The future of higher education in Tasmania is at the crossroads.
The Abbott Governments $5 billion cuts to higher education will be felt hardest at regional universities, such as the University of Tasmania.
The changes to higher education will see fee rises of 40 to 60 per cent to recoup the shortfall and a real interest rate of up to 6 per cent on debts. Our fair and equitable higher education system will come to an end.
Student fees will rise, courses will be slashed and research abandoned.
As many Tasmanian students prepare to graduate at ceremonies next month, others are facing a future of higher fees and crippling debt.

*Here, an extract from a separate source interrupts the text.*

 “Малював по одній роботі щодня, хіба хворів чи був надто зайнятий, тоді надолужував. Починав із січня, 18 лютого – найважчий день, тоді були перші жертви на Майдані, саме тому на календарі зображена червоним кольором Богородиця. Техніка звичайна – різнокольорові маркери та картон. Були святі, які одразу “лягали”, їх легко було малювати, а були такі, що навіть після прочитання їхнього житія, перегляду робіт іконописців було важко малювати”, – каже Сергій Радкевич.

Many Tasmanians will not be able to afford a $100,000 price tag for a degree.
Modelling by the University of Melbourne shows that a course such as medicine could cost between $117,000 and $203,000 over the course of a degree, while the debt for a veterinary science degree could take 45 years to repay.

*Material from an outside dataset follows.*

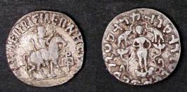 | Description / विवरण | Descrpn./Obv King holding whip, mounted on horse walking right; Greek legend, Basileos Basileon Megalou / Azilisou. Descrpn./Rev Lakshmi standing facing upon lotus, flanked by two elephants on lotus leaves anointing her with water; Kharoshthi legend Maharajasa Rajadirajasa Mahatasa Ayilishasa |

UTAS has indicated it will have a $30 million cut to its annual budget. In an email to students, Vice Chancellor Professor Peter Rathjen said: In a world where competition is intensified, specialisation is encouraged and the demand on students to fund our activities is increased, we may also need to evaluate which aspects of our mission must be assigned higher value and which, regrettably, may need to be diminished or abandoned.
The dilemma for UTAS will be in setting fees in the face of the Abbott Governments broken promise that there would be no cuts to education.
The changes to higher education were described as a crime by Nobel prizewinning economist, Professor Joseph Stiglitz.
He said the United States private for-profit university system was a disaster and exploited poor children.
The changes to Australias higher education sector will create greater inequality.
Smaller universities, such as UTAS, with a higher proportion of students from low- income families, will have to raise their fees.
Two Hobart parents recently sent me a letter expressing their dismay at the higher education changes and how their children may not be able to go to university.
They wrote: Both are doing very well academically and would be able to undertake a variety of courses including the more demanding ones.
We are very concerned that they will either be deterred from entering university or will be burdened with massive debts if they do so.
The proposals are also socially unjust they would favour wealthier families where the parents can afford to pay their childrens university fees.
At Budget Estimates hearings the Department of Education confirmed that more than $172 million would be cut from equity funding for low-income students attending university.
The slashing of equity funding will do nothing to help students from low and middle- income families from fulfilling their ambition to go to university. They will be discouraged from studying because they will be faced with crippling debts.
Without equitable access to higher education, Tasmania will not be able to build a strong and smart economy in the 21st century.
Tony Abbotts cuts to higher education will force many Tasmanians to give up their hopes of going to university.
Labor will not support cuts to university funding and student support.
We will not support a system of higher fees, bigger student debt, reduced access and greater inequality.